• _MATERIAL PROVIDED_:
[Start of Attachment]

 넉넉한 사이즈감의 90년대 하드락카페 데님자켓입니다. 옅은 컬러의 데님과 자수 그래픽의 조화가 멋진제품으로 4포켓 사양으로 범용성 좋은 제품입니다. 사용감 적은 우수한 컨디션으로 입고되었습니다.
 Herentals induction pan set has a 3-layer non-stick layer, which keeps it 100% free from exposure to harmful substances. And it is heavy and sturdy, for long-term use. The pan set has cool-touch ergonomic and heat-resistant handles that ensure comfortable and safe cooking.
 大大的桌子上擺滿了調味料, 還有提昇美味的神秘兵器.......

[End of Attachment]
[Start of Attachment]

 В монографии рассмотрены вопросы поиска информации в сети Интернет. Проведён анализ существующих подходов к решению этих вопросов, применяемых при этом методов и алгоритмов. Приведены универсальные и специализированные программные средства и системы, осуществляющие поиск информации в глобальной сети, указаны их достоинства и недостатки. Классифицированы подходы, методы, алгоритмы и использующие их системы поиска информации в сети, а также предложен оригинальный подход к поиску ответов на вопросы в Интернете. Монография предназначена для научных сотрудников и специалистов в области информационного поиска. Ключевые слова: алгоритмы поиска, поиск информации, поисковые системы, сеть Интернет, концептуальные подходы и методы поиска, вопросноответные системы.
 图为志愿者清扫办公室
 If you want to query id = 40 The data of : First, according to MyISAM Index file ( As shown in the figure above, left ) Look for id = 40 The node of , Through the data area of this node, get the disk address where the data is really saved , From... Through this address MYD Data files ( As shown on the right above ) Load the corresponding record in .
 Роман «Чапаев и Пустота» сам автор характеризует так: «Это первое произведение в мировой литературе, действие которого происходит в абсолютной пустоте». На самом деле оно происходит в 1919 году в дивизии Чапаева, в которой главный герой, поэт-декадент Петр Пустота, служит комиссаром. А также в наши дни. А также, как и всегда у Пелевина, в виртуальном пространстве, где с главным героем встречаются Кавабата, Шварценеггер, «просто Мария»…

[End of Attachment]

Given the records above, reproduce precisely and only the lines between the line holding "Herentals induction pan" and the line holding "大大的桌子上擺滿了調味料, 還有提昇美味的神秘兵器.......", inclusive.

• _EXERCISE ANSWER_:
 Herentals induction pan set has a 3-layer non-stick layer, which keeps it 100% free from exposure to harmful substances. And it is heavy and sturdy, for long-term use. The pan set has cool-touch ergonomic and heat-resistant handles that ensure comfortable and safe cooking.
 大大的桌子上擺滿了調味料, 還有提昇美味的神秘兵器.......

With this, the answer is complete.